If that’s the game plan for Coach Prime, so be it. But if you’re going to treat your kids like NFL waiver claims, and if you’re committed to running your program like it’s a season of “Hard Knocks,” then the end product had better be worth the human collateral.

“Again, that’s what (Sanders) said he was going to do,” the elder Tyson continued.

“I pray for those kids that they’re bringing in and the kids that decided to stay at Colorado. I pray to God they turn it around for them. This business of college football at the Power 5 level, it isn’t an easy game. If it was, all the Power 5 coaches would be successful — there wouldn’t be 1-11 or 2-10 (teams).

“Some great people (at CU) got fired last year. And some kids got some really (hard) life lessons shown to them last year.”

Roster turnover is inevitable during a regime change, but when Tyson’s part of that turnover, eyebrows go up. The freshman receiver was still viewed as something of a project, sure. But he was a project who also averaged 21.4 yards per catch and 52 yards from scrimmage per game and accounted for four of CU’s 10 passing touchdowns last fall. In his final three appearances for the Buffs, he notched 13 receptions for 344 yards and two scores, including 137 against Oregon on just five catches.

“I think he’s going to do great things wherever he lands,” Tyson’s father said. “I always thought (CU) was a beautiful place and he loved it there and we’ll leave that taste in our mouths.”

For Page, though, that flavor is tinged with understandable bitterness.

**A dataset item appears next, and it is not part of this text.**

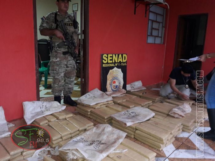 Agentes de la Secretaría Nacional Antidrogas (SENAD) lograron incautar 557 kilos de supuesta marihuana prensada, durante un allanamiento de vivienda, efectuado en la tarde de este jueves en la fracción Amistad II del barrio Jardín Aurora.

He’s a local kid who was wronged by ex-Nebraska coach Scott Frost two years ago, only to come home and find himself right back where he started. In the margins.

“Just know,” the elder Tyson stressed, “that it was an ugly situation.”

John wouldn’t say whether the portal was Jordyn’s idea, or the coaching staff’s. You can read between the lines on that one.

As Tyson said, it’s the cost of doing business. But when you sell your soul, you don’t get to keep the receipt.